- Prompt:
All of the data that follows should be given again exactly, without its images.

Records drawn from a dataset:
▬▬▬▬▬▬
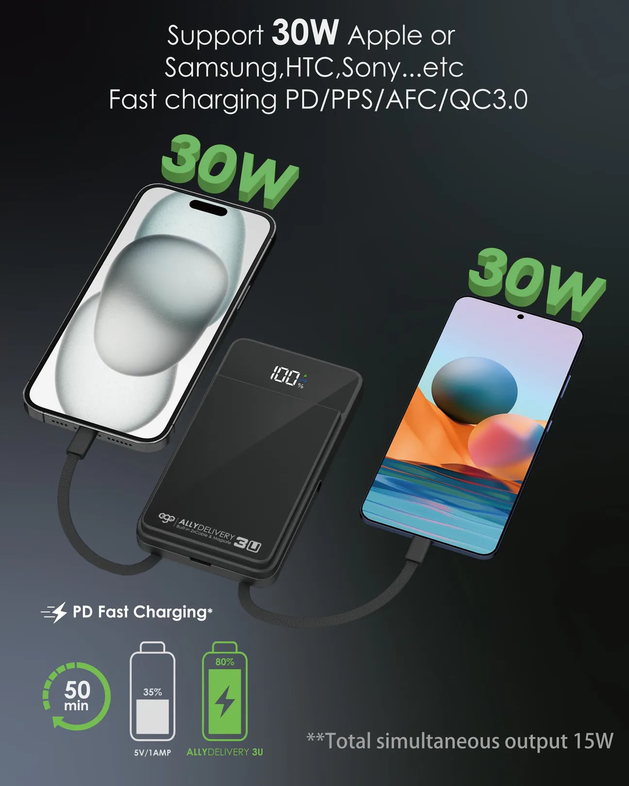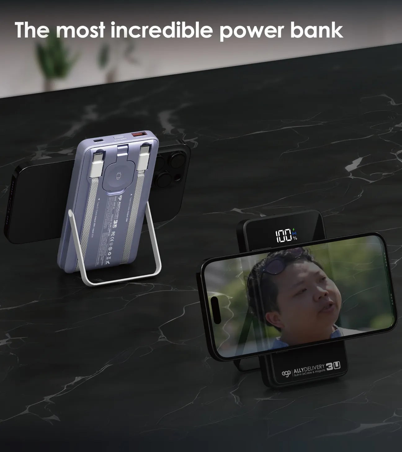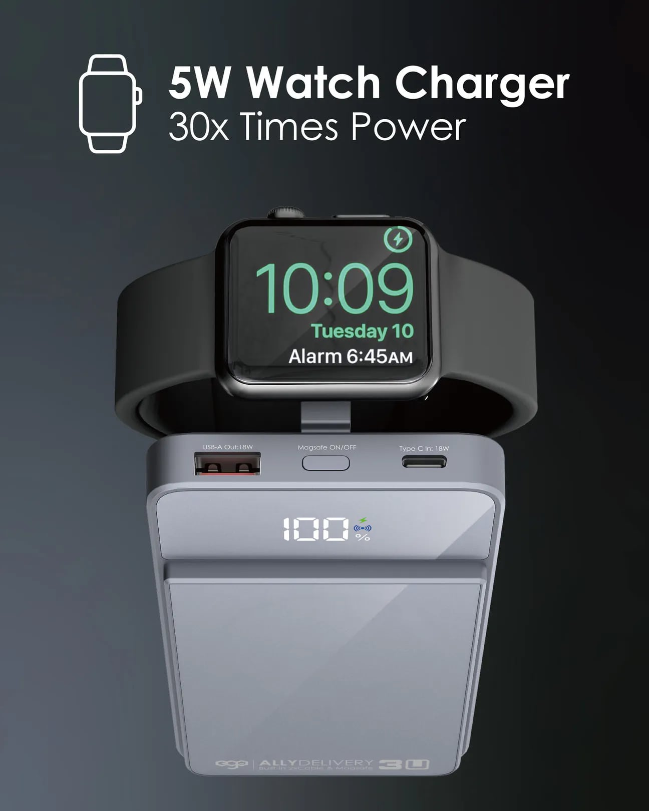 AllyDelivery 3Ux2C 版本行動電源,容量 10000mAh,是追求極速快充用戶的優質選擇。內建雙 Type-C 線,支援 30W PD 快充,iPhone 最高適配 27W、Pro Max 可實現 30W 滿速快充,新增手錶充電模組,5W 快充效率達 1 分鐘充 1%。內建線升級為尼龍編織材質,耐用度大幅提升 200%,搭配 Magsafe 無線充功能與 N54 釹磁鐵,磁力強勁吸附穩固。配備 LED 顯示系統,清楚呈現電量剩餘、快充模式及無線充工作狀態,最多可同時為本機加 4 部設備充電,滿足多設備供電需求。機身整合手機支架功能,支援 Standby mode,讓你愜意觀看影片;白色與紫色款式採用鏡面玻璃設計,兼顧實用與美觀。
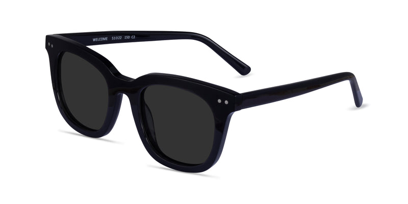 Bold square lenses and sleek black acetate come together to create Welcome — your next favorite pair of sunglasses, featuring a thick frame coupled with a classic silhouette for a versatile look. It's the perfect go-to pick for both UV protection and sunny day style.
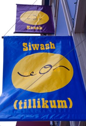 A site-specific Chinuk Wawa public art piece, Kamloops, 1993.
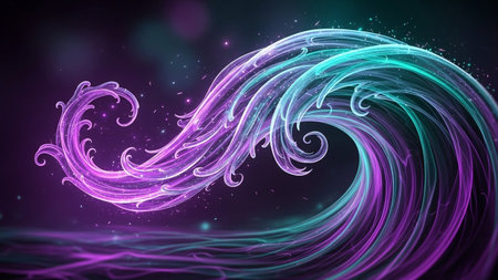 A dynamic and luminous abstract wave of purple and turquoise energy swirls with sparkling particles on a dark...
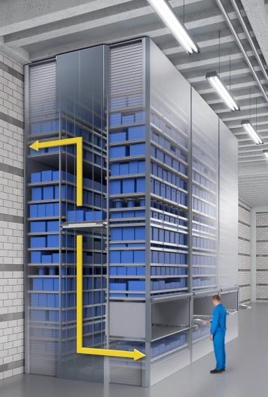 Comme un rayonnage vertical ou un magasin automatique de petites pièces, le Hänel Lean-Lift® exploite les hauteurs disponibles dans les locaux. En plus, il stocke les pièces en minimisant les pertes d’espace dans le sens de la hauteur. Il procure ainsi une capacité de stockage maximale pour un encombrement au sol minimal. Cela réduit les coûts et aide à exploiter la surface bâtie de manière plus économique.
▬▬▬▬▬▬
- Written reply:
 AllyDelivery 3Ux2C 版本行動電源,容量 10000mAh,是追求極速快充用戶的優質選擇。內建雙 Type-C 線,支援 30W PD 快充,iPhone 最高適配 27W、Pro Max 可實現 30W 滿速快充,新增手錶充電模組,5W 快充效率達 1 分鐘充 1%。內建線升級為尼龍編織材質,耐用度大幅提升 200%,搭配 Magsafe 無線充功能與 N54 釹磁鐵,磁力強勁吸附穩固。配備 LED 顯示系統,清楚呈現電量剩餘、快充模式及無線充工作狀態,最多可同時為本機加 4 部設備充電,滿足多設備供電需求。機身整合手機支架功能,支援 Standby mode,讓你愜意觀看影片;白色與紫色款式採用鏡面玻璃設計,兼顧實用與美觀。
 Bold square lenses and sleek black acetate come together to create Welcome — your next favorite pair of sunglasses, featuring a thick frame coupled with a classic silhouette for a versatile look. It's the perfect go-to pick for both UV protection and sunny day style.
 A site-specific Chinuk Wawa public art piece, Kamloops, 1993.
 A dynamic and luminous abstract wave of purple and turquoise energy swirls with sparkling particles on a dark...
 Comme un rayonnage vertical ou un magasin automatique de petites pièces, le Hänel Lean-Lift® exploite les hauteurs disponibles dans les locaux. En plus, il stocke les pièces en minimisant les pertes d’espace dans le sens de la hauteur. Il procure ainsi une capacité de stockage maximale pour un encombrement au sol minimal. Cela réduit les coûts et aide à exploiter la surface bâtie de manière plus économique.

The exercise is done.